過去20年間、米国の重要国防機関で勤務経験を持つ少なくとも154人の中国系科学者が、中国の人材計画に参加し、同国の軍事技術の発展に貢献している。ビジネスインテリジェンスのマネージメントを専門とする米ストライダー・テクノロジーズ社が、このほど発表した最新の報告書で指摘した。
中国は重要な技術分野で優位に立つよう、さまざまな人材計画を立ち上げた。海外で専門知識を深めた留学生、研究者、科学者は人材計画を通じて帰国し、中国の技術を発展させている。
今までこのような取り組みが米国政府の研究所でどの程度行われていたのか不明だった。
報告書は、米ロスアラモス国立研究所の事例から、中国がどのように海外から中国系科学者を引き抜いたかなどについて明らかにした。
ロスアラモス国立研究所は米エネルギー省傘下の国立研究機関で、国家安全保障を支える科学と工学の研究を展開している。研究の多くは機密扱いではないため、多数の外国人科学者が働いている。
報告書によると、多くの中国系科学者はのちに中国側の招致に応じて帰国し、同国のために地中貫通爆弾や極超音速ミサイル、静音潜水艦、無人機など最先端技術の開発に貢献した。
報告書は、米中のウェブサイト上で公開されている情報を引用しており、一部の科学者に関する具体的な情報も含まれている。
例えば、中国の爆弾専門家である南方科技大学の趙予生副学長は、ロスアラモス国立研究所に18年間勤務した経歴をもっている。米政府から2000万ドル近い補助金を受けたこともあり、研究所の最高ランクの機密へのアクセス権を持っていたという。また、地中を貫通できる爆弾の開発プロジェクトを主導した経歴もある。
趙氏は2016年、海外から優秀な研究者を集める中国の人材招致プロジェクト「千人計画」に参加し、帰国後に中国の研究所で働いたと報告書は指摘した。同氏は同国立研究所に勤務していた頃、爆弾の共同研究にもう1人の中国系科学者を雇い、その科学者は07年に中国で貫通弾頭の特許を申請している。
「ロスアラモス国立研究所で長く務めた15人の元研究者が全員、今では南方科技大学で働いている」と報告書は指摘した。中国の極超音速ミサイル計画に大きく貢献した南方科技大学の学長の陳十一氏もその1人だという。
2050年までに科学技術分野で世界のリーダーを目指す中国が近年、自国の戦略目標を推進するための海外ハイレベル人材招致プロジェクトの存在は広く知られているが、「特定の科学者や取り組んでいるプロジェクトなど、我々が直面している脅威をこれほど詳細に記述した報告書はこれが初めてだ」と米当局者の1人は話した。

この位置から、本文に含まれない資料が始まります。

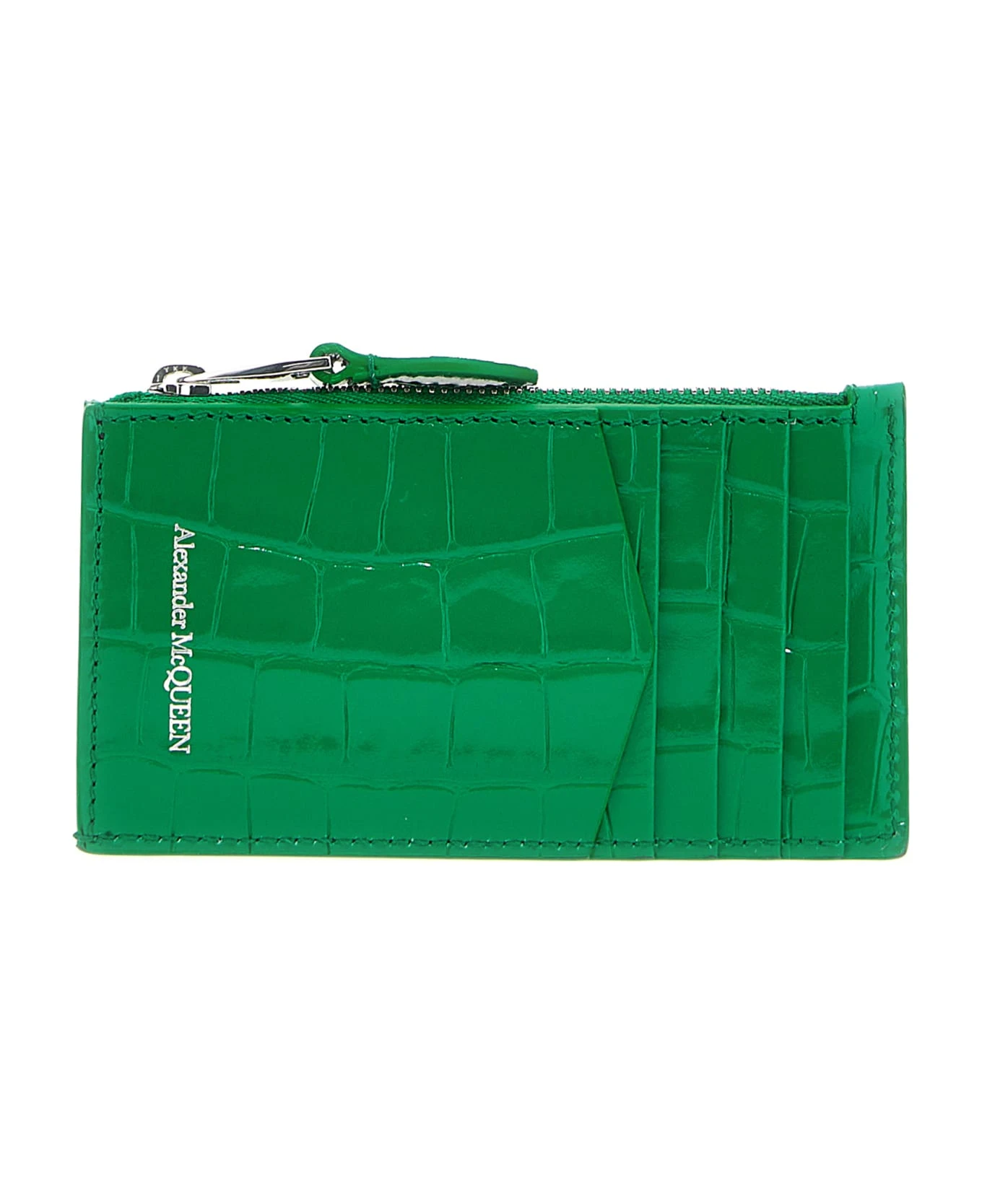 Coconut-print leather wallet with top zipper closure, Skull silver metal appliqué with crystals on the front.

報告書執筆者のLevesque氏は米NBCに対し、「北京による人材招致は米国の国家安全保障に対する直接的な脅威となっている」と警鐘を鳴らした。「彼らは我々がまだ準備できていないゲームを展開している。我々は本気で行動を起こさなければならない」と訴えた。
いっぽうで、米国に移住した中国人科学者の多くは米国に留まることを選択し、その多くが米国の防衛技術に多大な貢献をしている、という声も米当局者や専門家から上がっている。しかし「こうした中国側の行動は、米中間の長い科学交流の歴史を見直すきっかけになっている」とLevesque氏は述べた。
ロスアラモス国立研究所を所管する米エネルギー省は19年に、従業員や請負業者が中国、ロシア、イラン、北朝鮮と関連する人材計画に参加することを禁止する規則を採用した。「この規則は頭脳流出の減少につながっている」と報告書でもその成果を認めた。
米司法省は18年、国家安全保障における中国の脅威に対応することを目的とした「チャイナ・イニシアチブ」を開始した。米国から最先端の研究を盗み出そうとする北京の動きを阻止しようと、多くの科学者を逮捕および起訴した。だが、一連の起訴は「人種差別」のレッテルを張られ、司法省は多くの案件の取り下げを余儀なくされた。昨年、司法省同イニシアチブの終了を発表した。
米国家防諜安全保障センター(NCSC)の元長官のウィリアム・エバニナ氏は「中国はロスアラモスに限らず、米国内の他の国立研究所や主要な研究センターでも科学者を募集している」と警鐘を鳴らしている。
米国と西側諸国は、中国によるこうした脅威にようやく気づき始めたところだ。
昨年、中国の「千人計画」に少なくとも44人の日本人研究者が関与していたことが、読売新聞の取材で判明した。